Required work: Could you transcribe all the entries exactly, omitting the pictures?

Data for the task:
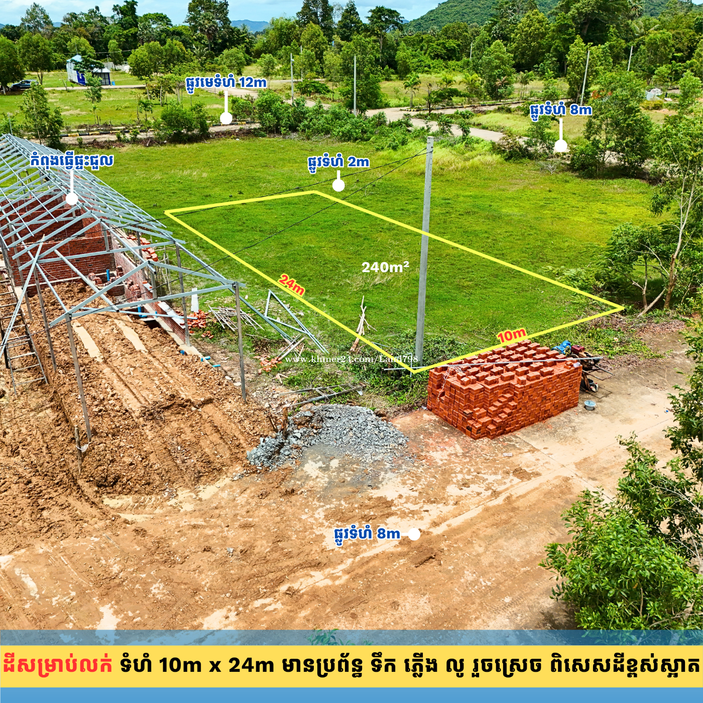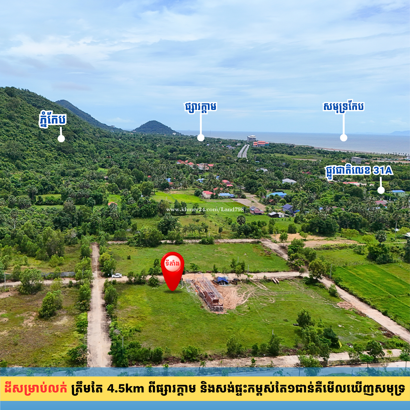 ដីតម្លៃល្អមានផ្លូវមុខក្រោយ ត្រឹមតែ 500ម ពីសមុទ្រក្រុងកែប 📺វីដេអូនិយាយក្នុង YouTube https://youtu.be/MzCjWaCusbE * តម្លៃលក់ | Price: $25,000 ចរចា . ទំហំ | Size : 10m x 24m = 240m²(ទំហំក្នុងប្លង់) . ជាប់ផ្លូវខាងមុខទំហំ 8m ផ្លូវខាងក្រោយ 2m ចេញចូលមិនទាល់ . មានប្រព័ន្ធទឹក ភ្លើង និងលូ រួចស្រេច។ * កម្មសិទ្ធិប្លង់ រឹង (ចរចារត្រូវកាត់ប្លង់ជូន) ស្ថិតនៅតំបន់ដែលមាន: ផ្ទះប្រជាជននៅជុំវិញ ផ្ទះលំហែ រីសដ -ល-។ 📍ទីតាំងដី៖ ភូមិថ្មី សង្កាត់ព្រៃធំ ក្រុងកែប ខេត្តកែប។ + យើងខ្ញុំមានសេវាធនាគារល្អៗជូន បើសិនជាអតិថិជនត្រូវការ។ 💁សំរាប់ព័ត៌មានលំអិតផ្សេងៗ៖ 📲092765xxxClick To Call /Cellcard 📲0967000xxxClick To Call /Smart 📲098765xxxClick To Call /Smart -Telegram ផ្ទាល់ខ្លួន https://t.me/phanna798 -Telegram Channel https://t.me/Land798 -Facebook page https://web.facebook.com/Land798
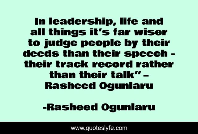 In leadership, life and all things it’s far wiser to judge people by their deeds than their speech - their track record rather than their talk” – Rasheed Ogunlaru
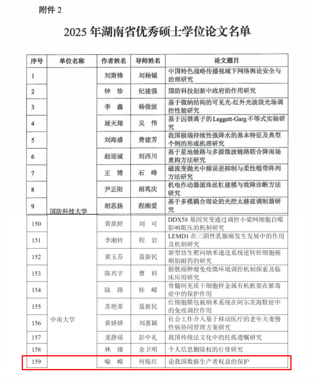 近日,湖南省教育厅公布2025年湖南省优秀硕士学位论文名单,BETVLCTOR伟德中文网站知识产权法学2020级硕士研究生喻嵘撰写的硕士学位论文《论我国数据生产者权益的保护》(指导老师:何炼红教授)获评2025年度“湖南省优秀硕士学位论文”。
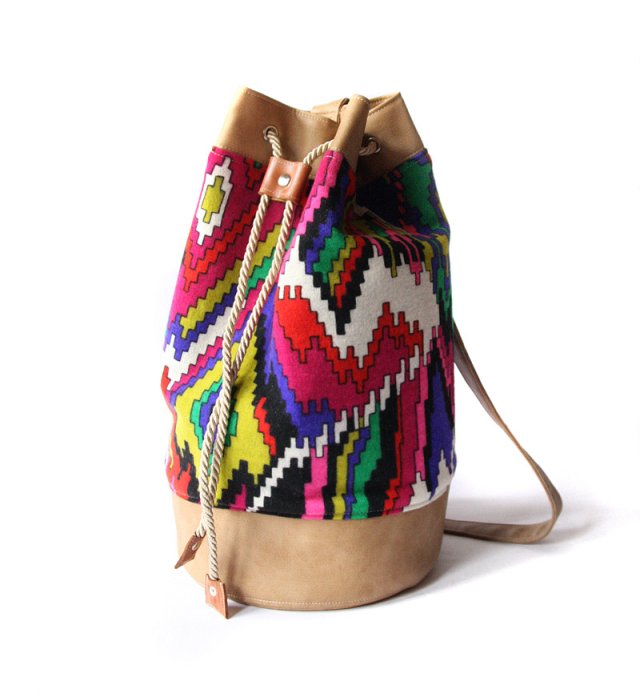Torba-worek na ramię / na skos wykonana z beżowej skóry ekologicznej oraz kolorowej dzianiny. Wewnątrz mocna, granatowa podszewka oraz 2 kieszonki (w tym jedna zamykana na suwak). Plecak ściągany u góry za pomocą grubego sznurka w kolorze beżowym. Wys. 43 cm, dno okrągłe o średnicy 23 cm; pasek regulowany max dł. 90 cm.
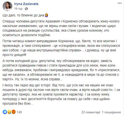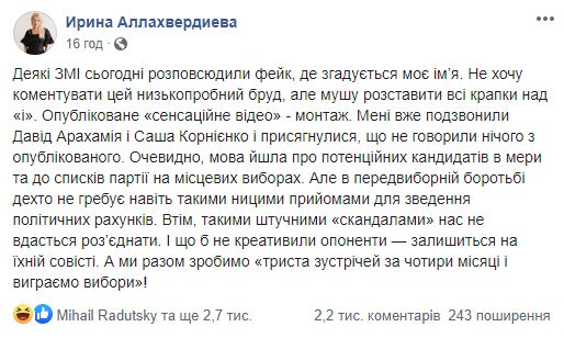 Начнем с самой Ирины Аллахвердиевой. Она отреагировала в Facebook на скандал сдержанным заявлением, в котором отметила, что видео - это "монтаж", а Корниенко с Арахамией ей уже позвонили и "поклялись, что не говорили ничего из опубликованного". Она добавила, что, по ее мнению, скандал был создан искусственно, чтобы вызвать раскол во фракции "Слуга народа", и заявила, что оппонентам сделать это не удастся.
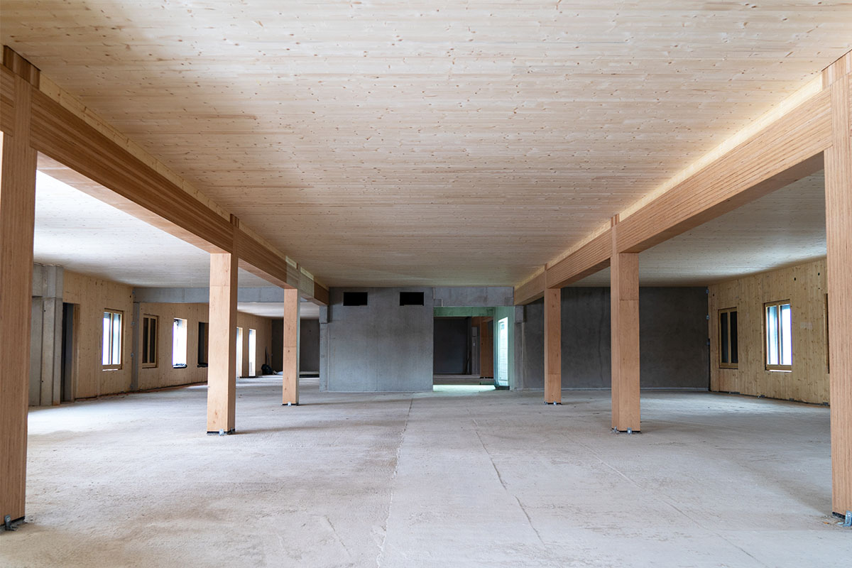 - Optimale Materialsynergie: Holz bietet ein angenehmes Raumklima, wirkt klimafreundlich durch CO₂-Bindung und kann als Haupttragelement dienen, während Beton und Stahl gezielt dort eingesetzt werden, wo es um Tragfähigkeit, Brandschutz und Schallschutz geht.
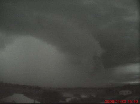 The second noteworthy storm, around 15:10, dropped significant amounts of hail up to about 1cm diameter at the Kaputar Rd station and perhaps the Airport. This took Kaputar Rd to a total of 31mm and the Airport to 22mm. It shows up great on the webcam movie because the storm slipped just east of town, directly across the camera's field of view. On the RADAR this event seemed to involve the interaction between a storm moving roughly SE and another moving NE, which merged right above the weather stations.

Solution to the problem:
 ដីតម្លៃល្អមានផ្លូវមុខក្រោយ ត្រឹមតែ 500ម ពីសមុទ្រក្រុងកែប 📺វីដេអូនិយាយក្នុង YouTube https://youtu.be/MzCjWaCusbE * តម្លៃលក់ | Price: $25,000 ចរចា . ទំហំ | Size : 10m x 24m = 240m²(ទំហំក្នុងប្លង់) . ជាប់ផ្លូវខាងមុខទំហំ 8m ផ្លូវខាងក្រោយ 2m ចេញចូលមិនទាល់ . មានប្រព័ន្ធទឹក ភ្លើង និងលូ រួចស្រេច។ * កម្មសិទ្ធិប្លង់ រឹង (ចរចារត្រូវកាត់ប្លង់ជូន) ស្ថិតនៅតំបន់ដែលមាន: ផ្ទះប្រជាជននៅជុំវិញ ផ្ទះលំហែ រីសដ -ល-។ 📍ទីតាំងដី៖ ភូមិថ្មី សង្កាត់ព្រៃធំ ក្រុងកែប ខេត្តកែប។ + យើងខ្ញុំមានសេវាធនាគារល្អៗជូន បើសិនជាអតិថិជនត្រូវការ។ 💁សំរាប់ព័ត៌មានលំអិតផ្សេងៗ៖ 📲092765xxxClick To Call /Cellcard 📲0967000xxxClick To Call /Smart 📲098765xxxClick To Call /Smart -Telegram ផ្ទាល់ខ្លួន https://t.me/phanna798 -Telegram Channel https://t.me/Land798 -Facebook page https://web.facebook.com/Land798
 In leadership, life and all things it’s far wiser to judge people by their deeds than their speech - their track record rather than their talk” – Rasheed Ogunlaru
 近日,湖南省教育厅公布2025年湖南省优秀硕士学位论文名单,BETVLCTOR伟德中文网站知识产权法学2020级硕士研究生喻嵘撰写的硕士学位论文《论我国数据生产者权益的保护》(指导老师:何炼红教授)获评2025年度“湖南省优秀硕士学位论文”。
Torba-worek na ramię / na skos wykonana z beżowej skóry ekologicznej oraz kolorowej dzianiny. Wewnątrz mocna, granatowa podszewka oraz 2 kieszonki (w tym jedna zamykana na suwak). Plecak ściągany u góry za pomocą grubego sznurka w kolorze beżowym. Wys. 43 cm, dno okrągłe o średnicy 23 cm; pasek regulowany max dł. 90 cm.
 Начнем с самой Ирины Аллахвердиевой. Она отреагировала в Facebook на скандал сдержанным заявлением, в котором отметила, что видео - это "монтаж", а Корниенко с Арахамией ей уже позвонили и "поклялись, что не говорили ничего из опубликованного". Она добавила, что, по ее мнению, скандал был создан искусственно, чтобы вызвать раскол во фракции "Слуга народа", и заявила, что оппонентам сделать это не удастся.
 - Optimale Materialsynergie: Holz bietet ein angenehmes Raumklima, wirkt klimafreundlich durch CO₂-Bindung und kann als Haupttragelement dienen, während Beton und Stahl gezielt dort eingesetzt werden, wo es um Tragfähigkeit, Brandschutz und Schallschutz geht.
 The second noteworthy storm, around 15:10, dropped significant amounts of hail up to about 1cm diameter at the Kaputar Rd station and perhaps the Airport. This took Kaputar Rd to a total of 31mm and the Airport to 22mm. It shows up great on the webcam movie because the storm slipped just east of town, directly across the camera's field of view. On the RADAR this event seemed to involve the interaction between a storm moving roughly SE and another moving NE, which merged right above the weather stations.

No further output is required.